DIRECTIONS:
Print out the records in full, keeping each word unchanged.

RECORDS PROVIDED:
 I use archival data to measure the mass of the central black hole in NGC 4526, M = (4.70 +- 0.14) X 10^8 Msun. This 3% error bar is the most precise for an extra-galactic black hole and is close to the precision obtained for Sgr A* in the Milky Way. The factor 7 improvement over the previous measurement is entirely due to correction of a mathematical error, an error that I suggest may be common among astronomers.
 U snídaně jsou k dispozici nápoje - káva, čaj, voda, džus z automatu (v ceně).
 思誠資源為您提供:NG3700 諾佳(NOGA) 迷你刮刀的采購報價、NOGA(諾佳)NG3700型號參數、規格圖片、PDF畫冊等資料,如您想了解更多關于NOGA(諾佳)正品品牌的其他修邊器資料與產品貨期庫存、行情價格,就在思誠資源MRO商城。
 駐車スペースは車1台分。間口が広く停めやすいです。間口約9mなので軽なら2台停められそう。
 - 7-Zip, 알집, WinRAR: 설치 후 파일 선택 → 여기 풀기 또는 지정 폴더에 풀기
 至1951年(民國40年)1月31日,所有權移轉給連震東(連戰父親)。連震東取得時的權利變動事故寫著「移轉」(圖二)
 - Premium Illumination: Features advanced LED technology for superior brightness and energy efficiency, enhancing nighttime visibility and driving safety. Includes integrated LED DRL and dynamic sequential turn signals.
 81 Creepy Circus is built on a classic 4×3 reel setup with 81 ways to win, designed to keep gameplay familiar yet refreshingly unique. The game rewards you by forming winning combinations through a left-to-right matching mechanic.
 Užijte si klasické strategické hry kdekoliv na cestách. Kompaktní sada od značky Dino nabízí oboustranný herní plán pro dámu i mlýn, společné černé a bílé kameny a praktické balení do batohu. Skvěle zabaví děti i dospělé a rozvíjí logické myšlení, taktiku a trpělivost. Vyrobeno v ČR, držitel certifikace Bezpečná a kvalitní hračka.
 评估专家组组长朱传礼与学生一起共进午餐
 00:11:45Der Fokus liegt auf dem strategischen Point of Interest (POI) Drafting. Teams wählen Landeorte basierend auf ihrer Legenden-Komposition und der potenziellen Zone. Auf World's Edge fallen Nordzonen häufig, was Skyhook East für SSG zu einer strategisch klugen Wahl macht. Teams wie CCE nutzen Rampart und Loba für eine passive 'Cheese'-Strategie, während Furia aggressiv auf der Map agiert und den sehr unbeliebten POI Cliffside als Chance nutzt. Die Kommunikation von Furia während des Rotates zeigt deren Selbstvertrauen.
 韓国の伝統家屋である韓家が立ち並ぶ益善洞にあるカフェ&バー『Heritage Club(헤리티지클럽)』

ANSWER TO THIS PROBLEM:
 I use archival data to measure the mass of the central black hole in NGC 4526, M = (4.70 +- 0.14) X 10^8 Msun. This 3% error bar is the most precise for an extra-galactic black hole and is close to the precision obtained for Sgr A* in the Milky Way. The factor 7 improvement over the previous measurement is entirely due to correction of a mathematical error, an error that I suggest may be common among astronomers.
 U snídaně jsou k dispozici nápoje - káva, čaj, voda, džus z automatu (v ceně).
 思誠資源為您提供:NG3700 諾佳(NOGA) 迷你刮刀的采購報價、NOGA(諾佳)NG3700型號參數、規格圖片、PDF畫冊等資料,如您想了解更多關于NOGA(諾佳)正品品牌的其他修邊器資料與產品貨期庫存、行情價格,就在思誠資源MRO商城。
 駐車スペースは車1台分。間口が広く停めやすいです。間口約9mなので軽なら2台停められそう。
 - 7-Zip, 알집, WinRAR: 설치 후 파일 선택 → 여기 풀기 또는 지정 폴더에 풀기
 至1951年(民國40年)1月31日,所有權移轉給連震東(連戰父親)。連震東取得時的權利變動事故寫著「移轉」(圖二)
 - Premium Illumination: Features advanced LED technology for superior brightness and energy efficiency, enhancing nighttime visibility and driving safety. Includes integrated LED DRL and dynamic sequential turn signals.
 81 Creepy Circus is built on a classic 4×3 reel setup with 81 ways to win, designed to keep gameplay familiar yet refreshingly unique. The game rewards you by forming winning combinations through a left-to-right matching mechanic.
 Užijte si klasické strategické hry kdekoliv na cestách. Kompaktní sada od značky Dino nabízí oboustranný herní plán pro dámu i mlýn, společné černé a bílé kameny a praktické balení do batohu. Skvěle zabaví děti i dospělé a rozvíjí logické myšlení, taktiku a trpělivost. Vyrobeno v ČR, držitel certifikace Bezpečná a kvalitní hračka.
 评估专家组组长朱传礼与学生一起共进午餐
 00:11:45Der Fokus liegt auf dem strategischen Point of Interest (POI) Drafting. Teams wählen Landeorte basierend auf ihrer Legenden-Komposition und der potenziellen Zone. Auf World's Edge fallen Nordzonen häufig, was Skyhook East für SSG zu einer strategisch klugen Wahl macht. Teams wie CCE nutzen Rampart und Loba für eine passive 'Cheese'-Strategie, während Furia aggressiv auf der Map agiert und den sehr unbeliebten POI Cliffside als Chance nutzt. Die Kommunikation von Furia während des Rotates zeigt deren Selbstvertrauen.
 韓国の伝統家屋である韓家が立ち並ぶ益善洞にあるカフェ&バー『Heritage Club(헤리티지클럽)』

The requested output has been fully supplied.